The performance of ResNet50 using CUDNN and CUBLAS is significantly slower compared to Cutlass

Hello! I am currently testing the ResNet50 model on NVIDIA’s 40G A100 platform using After utilizing Cutlass, the compiled ResNet50 is 2.9 times faster compared to compiling it with CUDNN and CUBLAS. However, I find it strange that Cutlass can achieve such a significant speed-up. Is there anything I am overlooking? Below are the specifics of my testing process:

In order to run the resnet50/ using TVM’s main branch API, I made some modifications to the testing scripts:Update to run on main branch of tvm. · umiswing/tvm-cutlass-eval@3b4bd37 · GitHub

Link to reproduce the testing (python

Performance using cutlass:

Execution time summary:
  mean (ms)   median (ms)    max (ms)     min (ms)     std (ms)
    1.7029       1.5734       1.8596       1.5677       0.1418

Performance using cudnn+cublas:

Execution time summary:
  mean (ms)   median (ms)    max (ms)     min (ms)     std (ms)
    4.7330       4.6858       5.0248       4.6459       0.0859

cuda version and hardware



tvm version

commit 1d145f112115ca20a0cd2e37a726b1d1519cac4b


@@ -46,7 +46,7 @@
 # - ON: enable CUDA with cmake's auto search
 # - OFF: disable CUDA
 # - /path/to/cuda: use specific path to cuda toolkit

 # Whether enable ROCM runtime
@@ -142,7 +142,7 @@ set(USE_MICRO_STANDALONE_RUNTIME OFF)
 # - OFF: disable llvm, note this will disable CPU codegen
 #        which is needed for most cases
 # - /path/to/llvm-config: enable specific LLVM when multiple llvm-dev is available.
+set(USE_LLVM /usr/bin/llvm-config-11)

 # Contrib libraries
@@ -217,10 +217,10 @@ set(USE_EDGETPU OFF)
 # - ON: enable cuDNN with cmake's auto search in CUDA directory
 # - OFF: disable cuDNN
 # - /path/to/cudnn: use specific path to cuDNN path

 # Whether use cuBLAS

 # Whether use MIOpen
@@ -416,7 +416,7 @@ set(USE_GTEST AUTO)

 # Enable using CUTLASS as a BYOC backend
 # Need to have USE_CUDA=ON

Indeed something seems off. Even on RTX 3070 I had a better result according to Have you tried nvprof?

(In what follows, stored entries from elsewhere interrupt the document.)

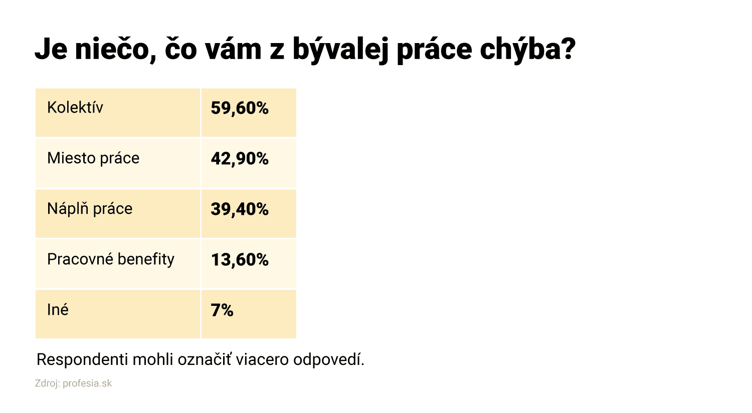 Naopak, bývalí zamestnanci priznávajú, že im chýba ich predošlý pracovný kolektív. Túto možnosť uviedlo až 60 percent respondentov.
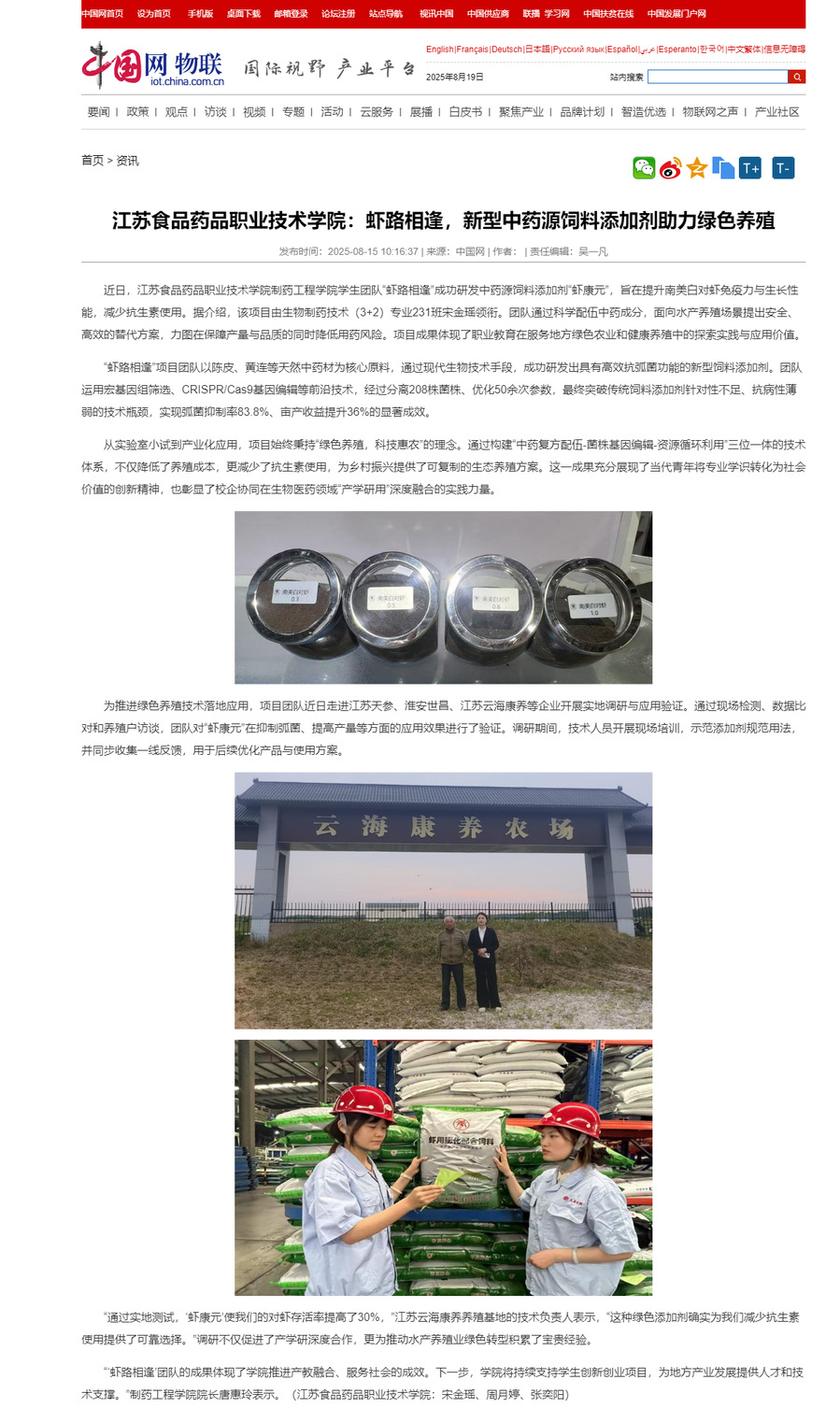 近日,乐竞制药工程学院学生团队“虾路相逢”成功研发中药源饲料添加剂“虾康元”,旨在提升南美白对虾免疫力与生长性能,减少抗生素使用。据介绍,该项目由生物制药技术(3+2)专业231班宋金瑶领衔。团队通过科学配伍中药成分,面向水产养殖场景提出安全、高效的替代方案,力图在保障产量与品质的同时降低用药风险。项目成果体现了职业教育在服务地方绿色农业和健康养殖中的探索实践与应用价值。
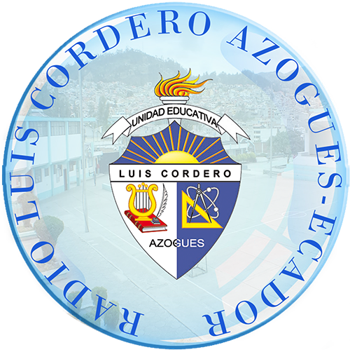 La franja divisoria con el nombre de Luis Cordero, patrono de la institución, hijo ilustre de nuestra tierra, literato, jurista, político y Presidente de la República del Ecuador.
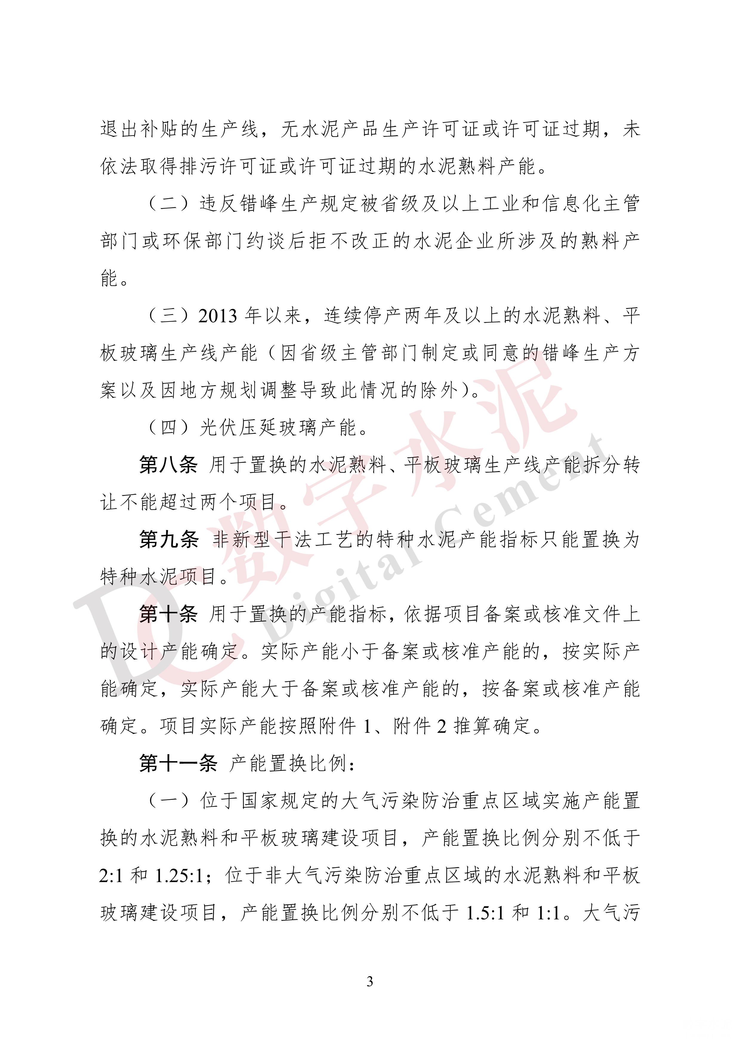 (二)產(chǎn)能指標(biāo)的認(rèn)定更加嚴(yán)格。一是強調(diào)了產(chǎn)能指標(biāo)必須在各省按年度更新并公告的本地區(qū)生產(chǎn)線清單內(nèi)。二是為避免“僵尸產(chǎn)能”復(fù)活,規(guī)定連續(xù)停產(chǎn)兩年及以上的水泥熟料、平板玻璃生產(chǎn)線不能用于產(chǎn)能置換。三是明確跨省置換應(yīng)召開聽證會,接受公眾和媒體監(jiān)督。
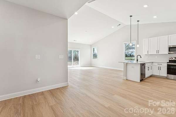 Experience the perfect blend of peaceful country living and modern convenience in this brand-new, thoughtfully designed ranch home set on 1.83 beautiful acres. Bathed in natural light, the open-concept layout showcases vaulted ceilings and stylish contemporary finishes that create a bright, airy feel throughout. The stunning kitchen is the heart of the home, featuring a spacious peninsula, elegant quartz countertops, stainless steel appliances, and generous prep space-ideal for both daily living and hosting gatherings. The flowing floor plan offers a spa-inspired primary bedroom ensuite and three additional well-sized bedrooms, each with ample closet storage to keep everything organized, and a guest bathroom. A dedicated laundry room adds everyday functionality, while the inviting living area opens seamlessly to the rear patio-perfect for enjoying peaceful mornings or relaxing evenings overlooking the wooded landscape. Tucked away in a serene rural setting yet just minutes from Highway 74 and I-85, shopping, dining, golf courses, a local winery, and a nearby casino, this property offers the rare opportunity to enjoy privacy without sacrificing accessibility.
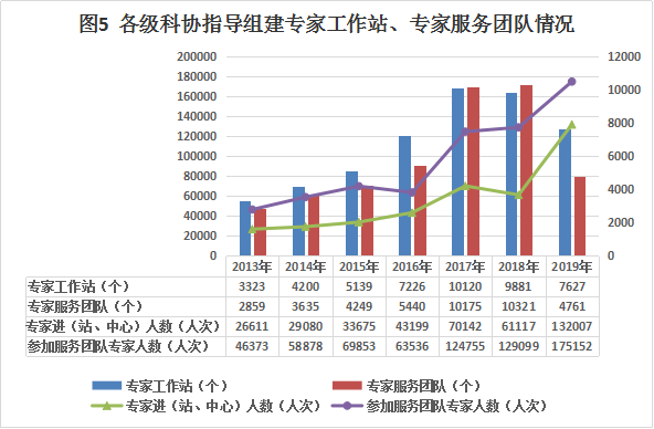 各級科協指導組建專家工作站[15]7627個,全年組織進站專家13.2萬人次。組建專家服務團隊[16]4761個,參加服務團隊專家17.5萬人次。
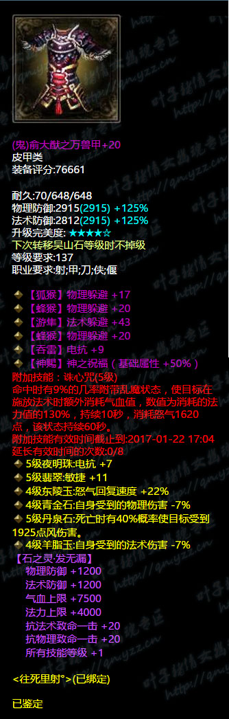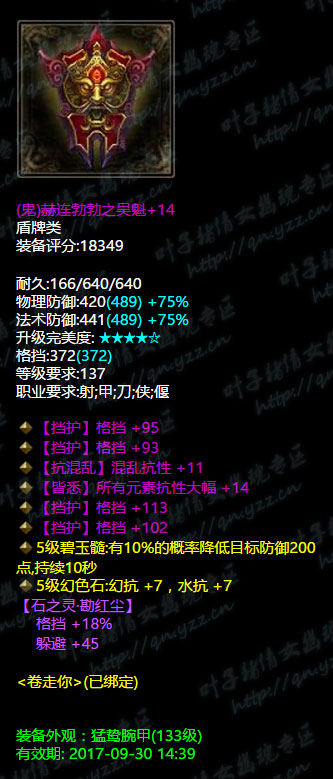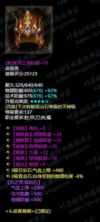 【叶子猪倩女幽魂原创专稿,未经授权禁止转载。如有雷同,都是搬我们的。】 法躲格挡是现在倩女的主流,但是在物理职业强势的大环境下不少玩家开始选择物躲格挡的路线来应对,今天小编为大家带来的就是传说中的物躲格挡刀客——ら寂寞调调。 武器:5级悟则圣,不是核武器差评,7绝双最大,克射手+20%,还可以,神兵属性还未开,等绝世功大区开放神兵后还可以更上一层楼。 衣服:4级发无漏,打不起善根生发无漏就是最好的选择。固定3物躲+1法躲,物躲加成57点,6绝神赐,没有选择极限的敏捷物躲属性,折中选择了加强防御。 盾牌:4格挡盾牌,属性完美,5级勘红尘,极限堆格挡,强化差评,居然只有+14,你怎么对得起大神的称号。 头盔:3级观自在,7绝4物躲+1敏捷+力量,物躲加成87点。
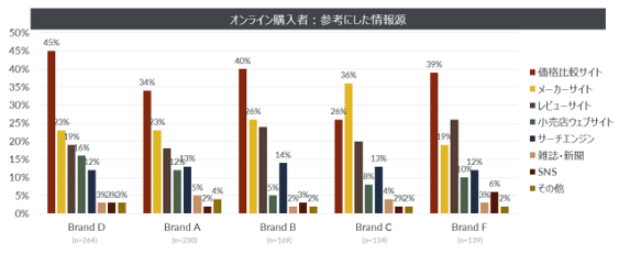 家電製品のオンライン購入者が、購入にあたりどの媒体の情報を参考にしたかという点については、カテゴリ、ブランドにより違いはあるものの、多くの回答者は価格比較サイト、メーカーサイト、レビューサイトを重視する傾向にあることが分かった。

Hi @masahi . I just ran a profiling on an A100, and I noticed that the GPU kernel times were similar. However, when compiling the model with CuDNN and CuBLAS, I discovered that the compiled model is taking a lot of time on cudaFree() and cudaStreamCreateWithFlag(), which are synchronous operations. This might be the reason why ResNet50 compiled with CuDNN and CuBLAS is running slow.

Links to profiling results:

Hi @masahi. Is this a performance issue with TVM or an expected acceleration since cutlass provides more fusion patterns, thereby avoiding the allocation and freeing of intermediate memory?

Not sure, but in general cuDNN shouldn’t be allocating a lot of intermediate memory. CUTLASS doesn’t allocate any temp storage for resnet at all.

Hi @masahi. Some update for this issue:

According to the timeline, when TVM compiles ResNet50 with cuDNN, sum of kernel’s duration is similar with ResNet50 compiled with cutlass, but ResNet50 compiled with cuDNN seems spends a lot of time on waiting something when executing the kernel, while model ResNet50 compiled with cutlass does not. The waiting behavior is strange but it could be another reason why ResNet50 compiled with cuDNN is so slow.

timeline of ResNet50 compiled with cuDNN

timeline of ResNet50 compiled with cutlass

Does TVM plan to debug with this issue recently?

No, at least I don’t have a plan to work on cuDNN related issues. We are happy with cutlass.